Итак, размышляя об автопародии, возникающей непроизвольно, надо иметь в виду несколько вещей.
Непроизвольная автопародия — это безошибочный, наиболее очевидный признак несоответствия между авторским замыслом и его реализацией. Автопародия (как и любая пародия) никогда не бьет по здоровому, острие ее всегда направлено туда, где что-то неблагополучно, она обнаруживает, подчеркивает устарелость, несостоятельность тех или иных художественных средств, форм, тех или иных путей творчества. В условиях лирического произведения автопародия неизбежно устремлена на те или иные пути выражения авторского «я», субъекта создаваемого поэтического мира.

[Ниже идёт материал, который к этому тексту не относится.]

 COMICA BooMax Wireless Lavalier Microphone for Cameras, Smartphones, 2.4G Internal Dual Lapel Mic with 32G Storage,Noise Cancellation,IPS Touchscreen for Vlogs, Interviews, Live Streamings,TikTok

Наконец, надо сказать и о том, что существующее до сих пор в нашем литературоведении представление об автопародии как разновидности юмористической пародии [617] в значительной степени неточно, т.к. не учитывает всех видов автопародии. Что касается непроизвольной автопародии, то — как я попытался показать — она всегда (или почти всегда) сатирична, она есть акт художественного саморазоблачения тех сторон творчества, которые попадают в ее орбиту.

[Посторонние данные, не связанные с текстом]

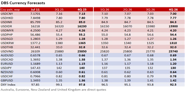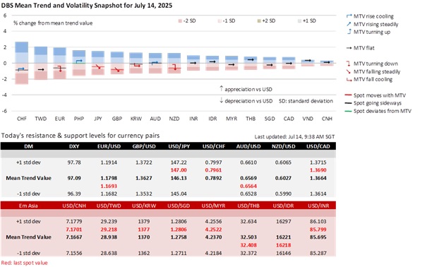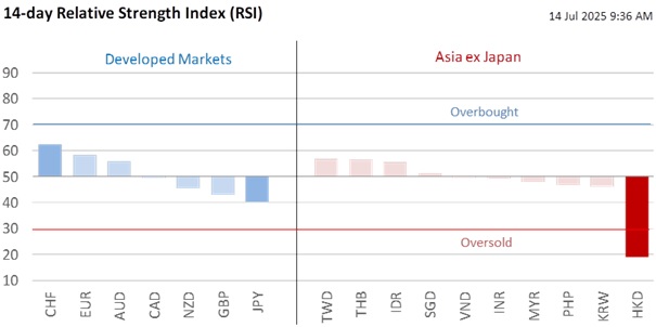 We pay more attention to GBP/USD’s downside risks this week. Following its 1.7% depreciation in the first fortnight of July, GBP/USD could extend its decline below the crucial 1.35 support level towards 1.3250, around its 100-day moving average. The OIS market is pricing an 85% chance for the Bank of England BOE to lower rates at its August 7 meeting. Last week, UK GDP growth turned negative month-on-month for a second consecutive month in May. The Atlanta Fed GDPNow model expects US advance GDP growth to rebound to an annualized 2.6% QoQ saar in 2Q25 after a 0.5% contraction in 1Q25. This week, UK CPI inflation out on July 16 could halve to 0.1% MoM in June from 0.2% in May, keeping headline inflation unchanged at 3.4% YoY. On July 17, average weekly earnings are expected to slow for a fourth straight month to 5% YoY in May from 6.1% high in December.

ЛИТЕРАТУРА И СВОБОДА (Ответ Яакову Орланду)
Не так давно * (* Статья написана в 1992 г.) в Институте мировой литературы была встреча с известным израильским поэтом Яаковом Орландом. Речь шла о творчестве поэта, о современной литературе Израиля, о проблемах художественного перевода, о глубинных взаимосвязях литератур. Завершая беседу, этот немолодой уже человек сказал (не ручаюсь за стенографическую точность цитаты, но смысл сказанного передаю верно): «Вы знаете, я приехал к вам, главным образом, для того, чтобы получить ответ на один вопрос. Скажите, как случилось, что такая мощная страна, с такими богатейшими ресурсами, с таким обилием талантов оказалась в столь глубоком кризисе? И где же ваша литература, какова ее роль, каково ее место во всем этом?» Должен сказать, что внятного ответа не последовало. Между тем неслучайность этого вопроса очевидна, вопрос этот — «где же наша литература?» — многие из нас задавали себе в последние годы.
В поисках ответа на этот вопрос напомню сначала одно высказывание: «Мы уже хорошо понимаем, что вихрь, закрутивший нас… был не подъемом творческих политических сил, а принес лишь гибель, залепил нам глаза поднявшейся с низин жизни мутью и пылью и завершился разрушительной свистопляской всех духов смерти, зла и разложения. Но мы еще не можем понять, как это случилось, и все еще чудится, что как-то независимо от нашей воли и против нее совершился ужасный подмен добра злом. Впервые родина стала истинно свободной для воплощения заветных своих идеалов… — и внезапно все это куда-то провалилось, и мы очнулись у разбитого корыта, хуже того – без всякого корыта и даже без старой, покосившейся, но все же родной избы».